Summertime often is a season of transition, change, and shifting priorities for couples. Many couples must adapt to their kids’ next phase of school, prepare for an empty nest, or adjust to retirement. They start new jobs, relocate, or downsize.

We call these kinds of transitions Inflection Points: critical turning points where the current relationship direction or nature of the connection shifts significantly.  During these moments, marital core values can help guide how partners respond to change.

Inflection Points affect a couple’s momentum and signal a need for new behaviors, clearer communication, renewed commitment, or a realignment of values.  The extent to which couples prepare for and adapt during the Inflection Point determines if they move toward deeper trust, commitment, and growth—or toward distance, conflict, and possible separation.

Fortunately, couples can learn to identify approaching inflection points and use their core values to prepare for and address underlying issues before they become destructive or terminal.

Types of Inflection Points

Inflection Points may be categorized as resulting from a couple’s own decisions, natural life changes, or external forces.

Decision-Driven:  Decide to combine finance, have children, change careers, relocate.

Life Transitions:  Children aging, parents aging, retirement, growing old together, death.

Externally Related:  Job loss, job promotions, market shifts, hurricane damage.

Response Determines Relational Impact 

An Inflection Point’s impact may be  positive or negative. When couples manage the inflection point by adapting well, focusing on solutions, becoming resourceful, and overcoming the major hurdle together, the relational impact is positive.  They can boost their intimacy and trust in each other, and their excitement about their future together.

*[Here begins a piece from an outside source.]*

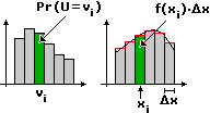 Se la variabile casuale U a valori nell'intervallo I ha istogrammi sperimentali che (all'aumentare delle prove e al ridurre l'ampiezza degli intervallini in cui viene ripartito I) hanno contorno superiore che tende a condondersi col grafico di una funzione f con dominio I, se f è integrabile su I posso porre, per ogni a e b in I:

However, when couples mange the inflection point by adapting poorly, focusing on blame rather than solutions, and becoming undependable, disrespectful, or contemptuous, the relational impact is negative. Their intimacy and trust decline, and they lose faith in each other and their future together.

Anticipation and Advance Preparation Matter 

Decision-Driven and Life Transition Inflection Points are easier to anticipate than those caused by external forces. Yet couples often focus on the “what” of a decision without considering the “why,” creating unintended consequences that become unanticipated Inflection Points.

Consider a common example: A happy couple combines finances to affirm their marital partnership, but never agrees on core values for spending, saving, and building financial stability. Each continues spending according to individual priorities. Soon they face unsustainable debt, and must sacrifice vacations, new cars, and future savings—and begin fighting about money.

Suddenly, they have an unanticipated Inflection Point for which they are not prepared.  And there is no one to blame but themselves (or each other). This new disappointing reality can be either a positive catalyst for growth or the beginning of a decline.

It also could have been prevented.

Martial Core Values Guide Preparation  

Had this couple done the foundational work to outline their core financial values, they could have anticipated the problems that come with combining finances, established spending guidelines and savings goals, and enjoyed the boost in intimacy, commitment, and satisfaction that comes from working toward a common goal.

But it is not too late for them… or any other couple anticipating an Inflection Point.

To effectively prepare for inevitable changes, couples should establish Core Values for their relationships, focusing especially on the areas where they need to anticipate and prepare for change. Establishing Core Values moves the couple past discussions of  “what” they want to do in their marriage into the “why” they want to do it.

There are common values categories you and your partner can use to identify your Core Values:  (1) Stability and Security (financial and personal health);  (2) Connection and Legacy (family and community);  (3) Growth and Experience (intellectual curiosity, spiritual devotion, adventure);  and (4) Relationship Style (intimate best friends, playfulness, autonomy).

Each of you can write down what is most important to you in these categories. Then you can compare your lists, identify your shared values, and discuss how you can support each other’s individual values.

Once you commit to your Marital Core Values, you will be well prepared to anticipate and respond to Decision-Driven and Life Transition Inflection Points.  And, you will have the foundation you need to guide your response to the externally imposed changes that will come your way.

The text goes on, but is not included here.